SOURCE DATA:
^^^^^^^^

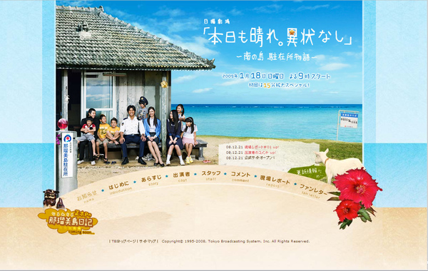 TBS另外推出日九的重頭戲『本日も晴れ。異常なし』由坂口憲二擔綱,找來松下奈緒搭檔。要演個從東京中央署調職到小島的警察故事~風平浪靜的小島上走溫馨路線的調嗎? 泡覺得故事線感覺和『コトー診療所(五島醫師診療所)』很像,收視率的話.... 泡認為可能會和『太陽と海の教室(太陽與海的教室)』很像吧?? 坂口憲二也和織田裕二很像呢~ 一樣黑黑的,很大一隻~ 演技的話... 因為不是泡的菜~ 泡沒很注意過,唯一一次有印象是坂口憲二和木村拓哉合作『Pride』那一次,不過那也是因為木村拓哉的關係阿~
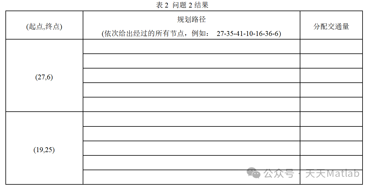 问题2:在图3所示的交通网络中,各(起点,终点)对之间的交通需求见附件2。请建立数学模型,给出各(起点,终点)对之间交通需求分配到对应路径上的交通量,使得网络中任意5条路段出现突发状况时(每个路段出现突发状况概率相同),网络中所有交通需求的期望可达率最大。在表2中填入指定(起点,终点)对规划的路径,以及对应分配的交通量(若规划路径数不足5条无需填满表格)。
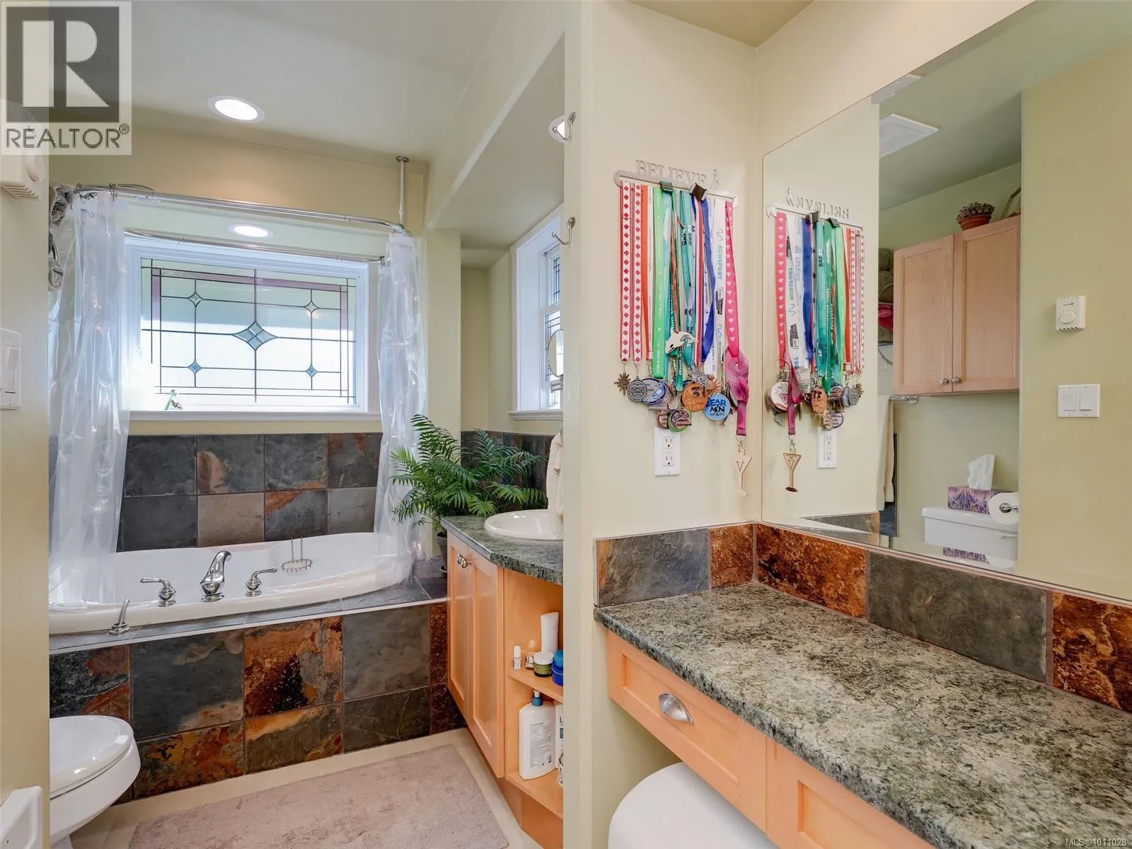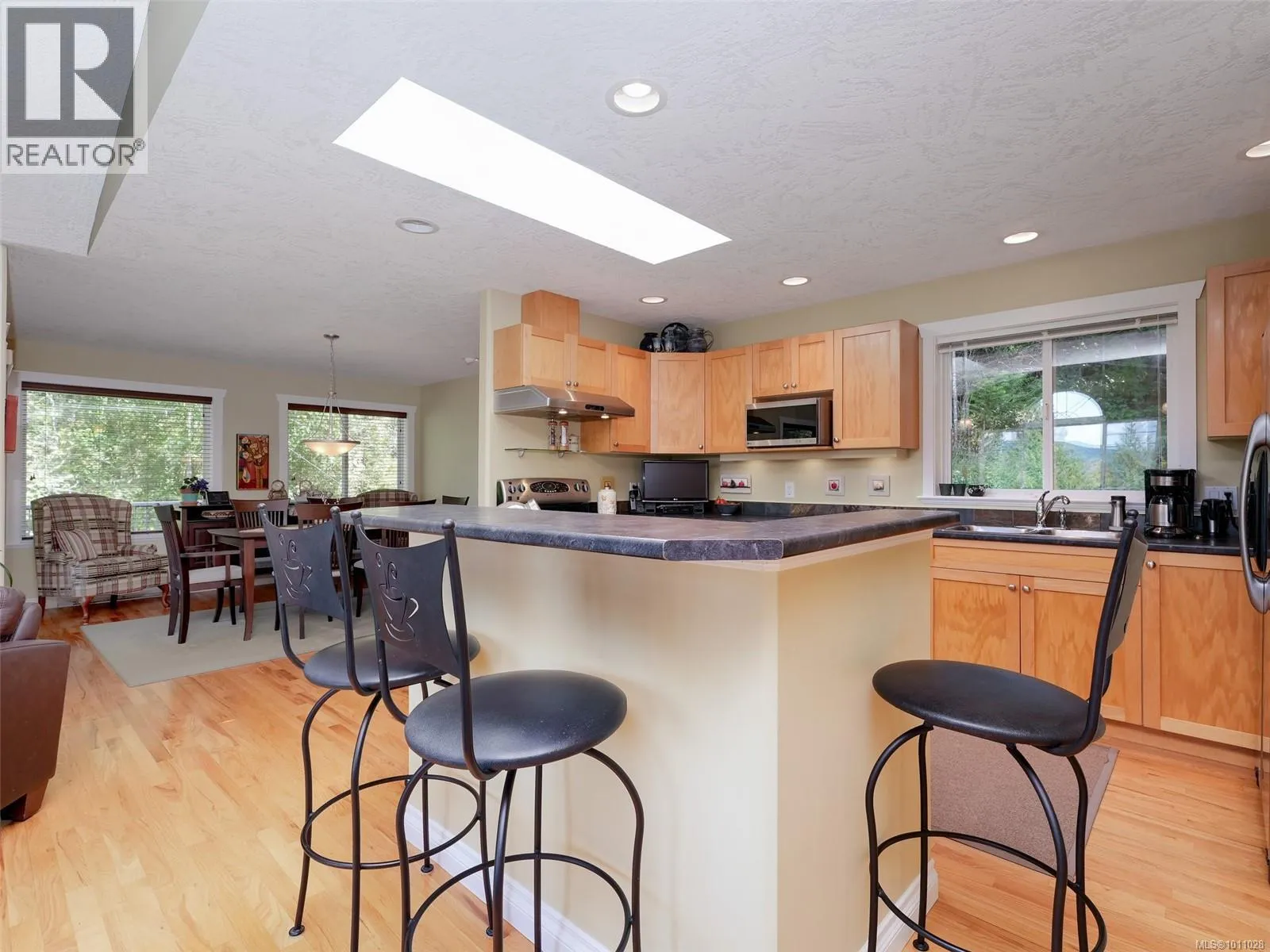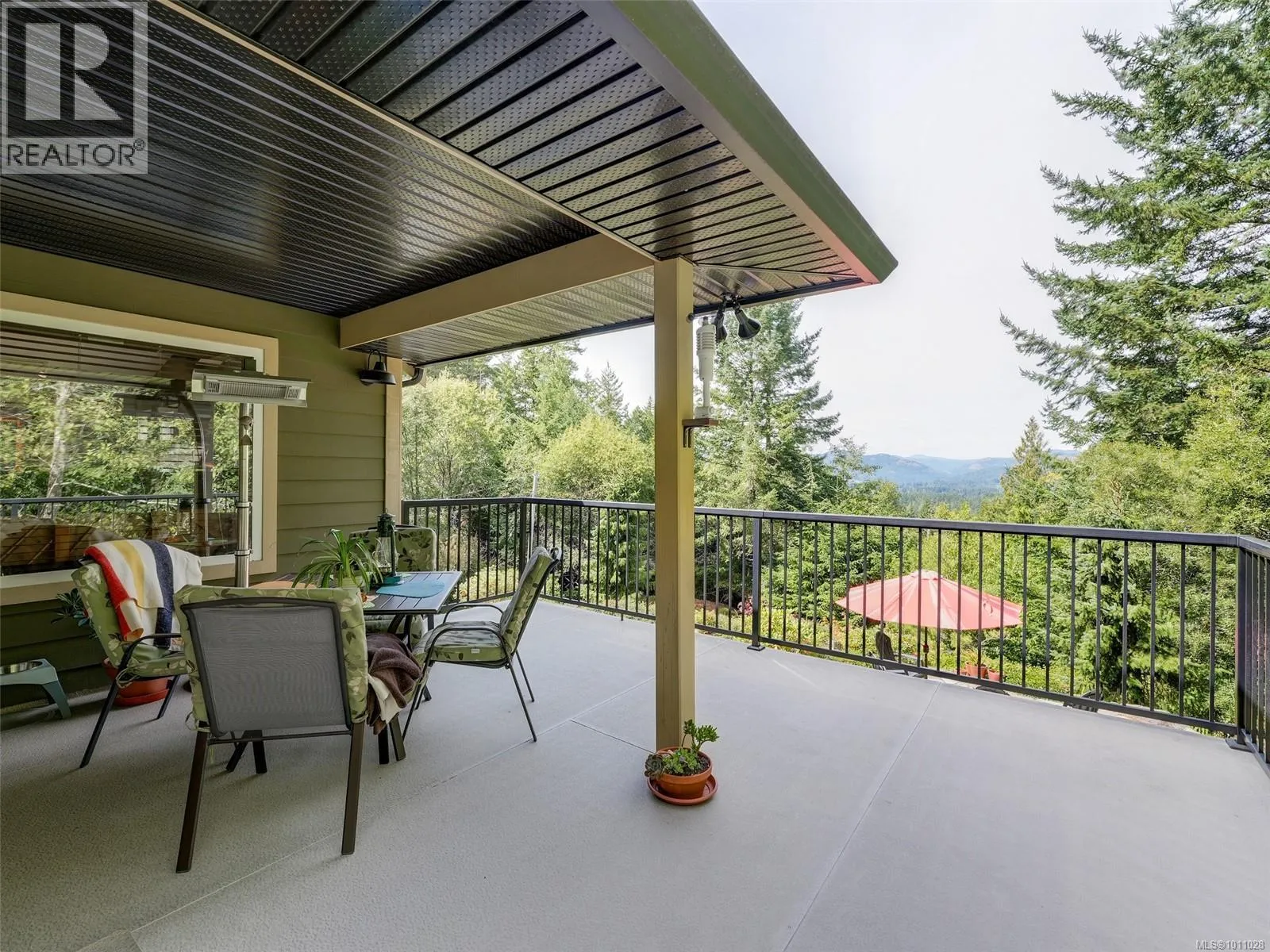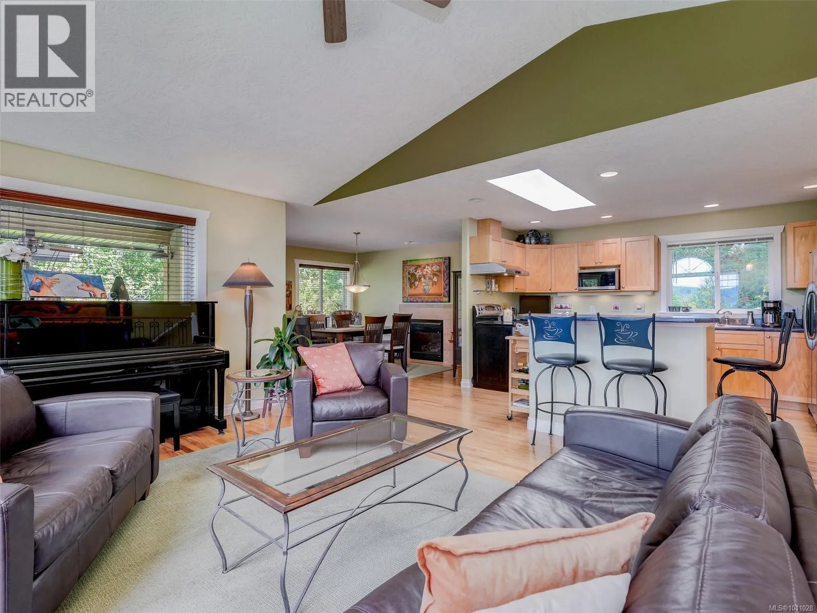 Elegant Executive Home. Tucked up a winding, landscaped drive & perched among the treetops, this fabulous 2005 built 1-owner home offers a rare blend of meticulous design & serene, natural surroundings. Engineered terraced gardens feature private nooks throughout, creating a zen retreat. Open-concept layout provides generous space while maintaining privacy, perfect for large/extended families, or easily suited for income potential. Main level showcases rich wood floors, vaulted ceiling in living, & gas FP in formal dining. Shaker-style kitchen includes an island & SS appliances. Entertainment-sized deck, partially covered for year-round enjoyment. Primary suite boasts WIC & spa-like ensuite w/soaker tub. Downstairs offers flexible living w/a massive rec.room, family room & easy suite potential! Spotless dbl garage provides ample parking & storage. Extra perks include heat pump, new HWT & wired generator. Incredible location near parks, hiking, kayaking, & biking with no Sooke Traffic! (id:27476)

^^^^^^^^

WHAT THE TASK ASKS:
The job is to set down the whole listing exactly, excluding any images.

EXERCISE RESPONSE:
 TBS另外推出日九的重頭戲『本日も晴れ。異常なし』由坂口憲二擔綱,找來松下奈緒搭檔。要演個從東京中央署調職到小島的警察故事~風平浪靜的小島上走溫馨路線的調嗎? 泡覺得故事線感覺和『コトー診療所(五島醫師診療所)』很像,收視率的話.... 泡認為可能會和『太陽と海の教室(太陽與海的教室)』很像吧?? 坂口憲二也和織田裕二很像呢~ 一樣黑黑的,很大一隻~ 演技的話... 因為不是泡的菜~ 泡沒很注意過,唯一一次有印象是坂口憲二和木村拓哉合作『Pride』那一次,不過那也是因為木村拓哉的關係阿~
 问题2:在图3所示的交通网络中,各(起点,终点)对之间的交通需求见附件2。请建立数学模型,给出各(起点,终点)对之间交通需求分配到对应路径上的交通量,使得网络中任意5条路段出现突发状况时(每个路段出现突发状况概率相同),网络中所有交通需求的期望可达率最大。在表2中填入指定(起点,终点)对规划的路径,以及对应分配的交通量(若规划路径数不足5条无需填满表格)。
 Elegant Executive Home. Tucked up a winding, landscaped drive & perched among the treetops, this fabulous 2005 built 1-owner home offers a rare blend of meticulous design & serene, natural surroundings. Engineered terraced gardens feature private nooks throughout, creating a zen retreat. Open-concept layout provides generous space while maintaining privacy, perfect for large/extended families, or easily suited for income potential. Main level showcases rich wood floors, vaulted ceiling in living, & gas FP in formal dining. Shaker-style kitchen includes an island & SS appliances. Entertainment-sized deck, partially covered for year-round enjoyment. Primary suite boasts WIC & spa-like ensuite w/soaker tub. Downstairs offers flexible living w/a massive rec.room, family room & easy suite potential! Spotless dbl garage provides ample parking & storage. Extra perks include heat pump, new HWT & wired generator. Incredible location near parks, hiking, kayaking, & biking with no Sooke Traffic! (id:27476)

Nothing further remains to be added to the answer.